「屋久島」の地名の由来は?古語・中国史書・縄文杉が語る島の正体
1. 「ヤク」は古語で「山が奥深い・険しい」を意味する説
「屋久島」の「ヤク」は、古い日本語で山が奥深く険しいことを表す言葉に由来するという説があります。島の中央部には九州最高峰の宮之浦岳(1936m)がそびえ、内陸は急峻な山々が連なります。かつて島を訪れた人々が「山の奥深いところ」という意味を込めて「ヤク」と呼んだという解釈は、地形的にも説得力があります。
2. 中国史書「隋書」に登場する「夷邪久国」
7世紀初頭に編纂された中国の史書「隋書」流求国伝には、「夷邪久国」という地名が登場します。この「夷邪久(いやく)」が屋久島を指すという説は、音の類似から古くから唱えられてきました。隋の時代にすでに外交・交易圏の中に屋久島が存在していた可能性を示す重要な手がかりです。
3. 「ヤク」はマレー語起源という説も
かつては「ヤク」がマレー語の「ヤクー」(森の民)に由来するという説も提唱されました。南島からの文化的影響を根拠とするものですが、現在では言語的な証拠が乏しく、主流の説とはなっていません。南方との交流の痕跡を探る上での参考説として記録されています。
4. 「屋久」の漢字表記は後から当てられた
「ヤク」という音が先に存在し、「屋久」という漢字は後から当て字として使われたと考えられています。日本の地名には音だけが先行し、意味の異なる漢字が後付けで充てられた例が数多くあります。「屋久」という字面に特定の意味はなく、音を写しただけの表記です。
5. 「ヤクスギ」の「ヤク」も同じ語源
世界自然遺産として知られる屋久杉(ヤクスギ)の「ヤク」も、屋久島の地名と同じ由来です。樹齢1000年以上のものをヤクスギ、それ未満のものを小杉(こすぎ)と区別します。縄文杉は推定樹齢2000〜7200年とされ、名前は縄文時代から生き続けているかもしれないという意味を込めてつけられました。
6. 屋久島は「月に35日雨が降る」といわれる
屋久島には「一月に35日雨が降る」という言い回しがあるほど降水量が多く、山頂付近では年間降水量が1万mmを超えることもあります。この豊富な雨が巨大な杉の森を育てており、島の険しい地形が「ヤク(奥深い山)」という語感にもつながっています。
7. 江戸時代には薩摩藩の直轄地だった
屋久島は江戸時代を通じて薩摩藩の直轄地として管理されていました。

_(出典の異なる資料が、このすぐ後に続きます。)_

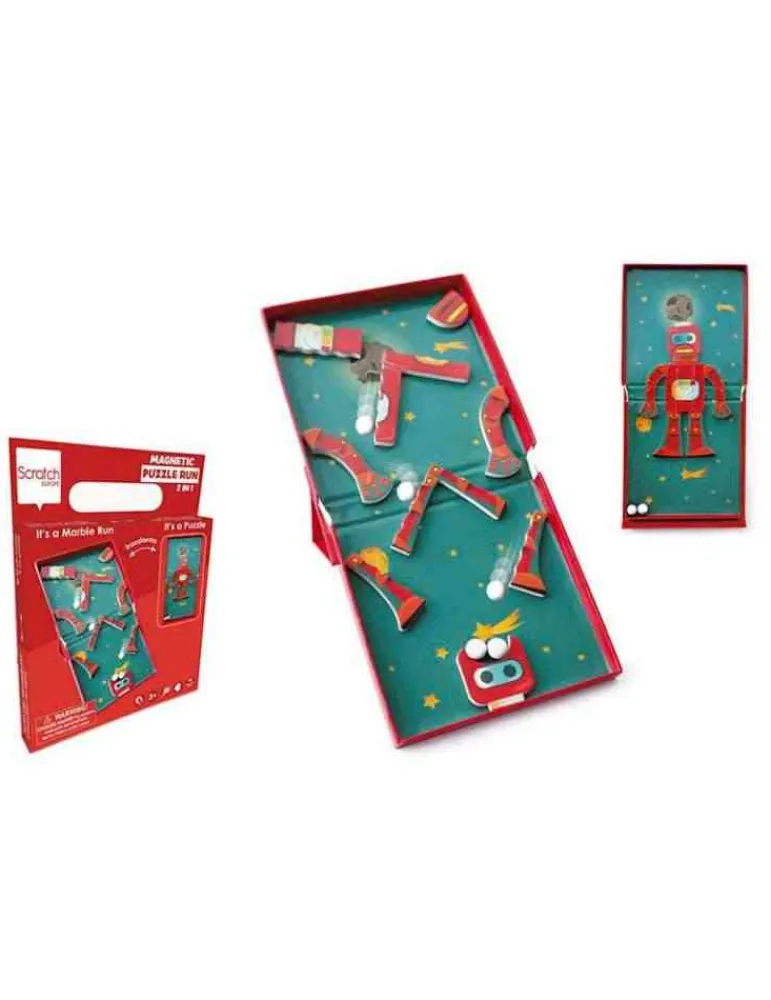 Le puzzle robot magnétique et circuit de billes de Scratch est un jeu deux en un qui va ravir les enfants. Il est tout d’abord présenté dans une boite en carton qui permet de facilement l’emmener partout pour un petit puzzle ou un petit circuit de billes.

年貢は米ではなく杉材や杉板で納めることとされ、「杉年貢」と呼ばれました。この制度が島の杉林の管理と記録を促し、屋久杉の存在が広く知られるきっかけとなりました。
8. 島の面積の約96%が山地・森林
屋久島は面積504平方キロメートルのうち、約96%が山地や森林に覆われています。海岸部に集落が点在するだけで、内陸は深い原生林が広がっています。「山が奥深い島」という語源の解釈は、現在も変わらず島の実態を的確に表しています。
9. 1993年に日本初の世界自然遺産に登録
屋久島は1993年、法隆寺地域・姫路城・白神山地と同時に、日本で最初の世界遺産(世界自然遺産)に登録されました。登録面積は島の約21%にあたる1万0747ヘクタールで、屋久杉の原生林や多様な垂直植生帯が評価されました。
10. 地名が示す「奥深さ」は今も健在
古語説・中国史書説いずれにしても、「ヤク」という音には「奥深く、近づきがたい」という印象が込められています。縄文時代から生き続ける杉、年間1万mmを超える雨、切り立つ峰々——屋久島という地名は、現代においても島の本質をそのままに語り続けています。
「夷邪久」と記録された古代の島から、世界が認めた自然遺産へ。屋久島の地名は、1500年以上の時を超えて、変わらぬ山岳の奥深さを今に伝えています。